### What needs to be done
Everything in the listing below needs restating exactly, apart from the pictures.

### Data extract

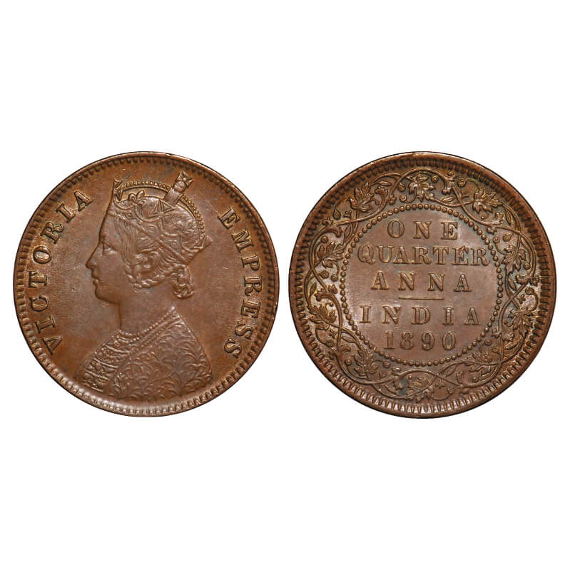 Victoria Empress, Copper, Quarter Anna, 1890, Calcutta Mint, B/II, No mint mark. F. Prid 623. GK 849. Extremely Fine. Very Scarce.
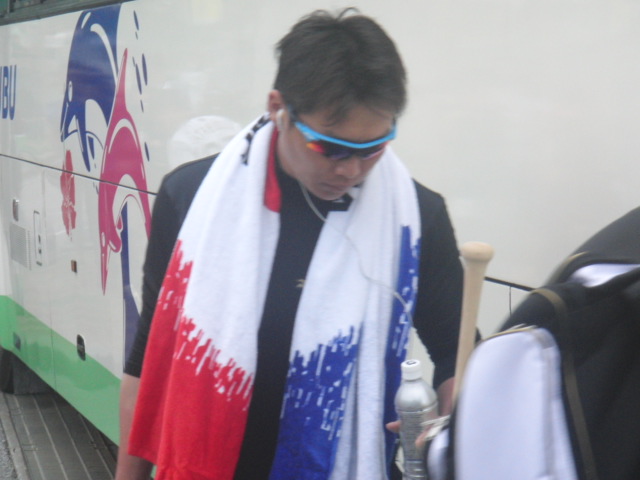 ところが、ところが、宜野座球場に着いた時には、少し小雨交じり。
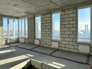 В квартире выполнена дизайнерская отделка. Планировочным решением предусмотрены: гостиная с зоной кухни, 2 спальни, кабинет, 2 совмещенных санузла и гардеробная комната.

### Answer space
 Victoria Empress, Copper, Quarter Anna, 1890, Calcutta Mint, B/II, No mint mark. F. Prid 623. GK 849. Extremely Fine. Very Scarce.
 ところが、ところが、宜野座球場に着いた時には、少し小雨交じり。
 В квартире выполнена дизайнерская отделка. Планировочным решением предусмотрены: гостиная с зоной кухни, 2 спальни, кабинет, 2 совмещенных санузла и гардеробная комната.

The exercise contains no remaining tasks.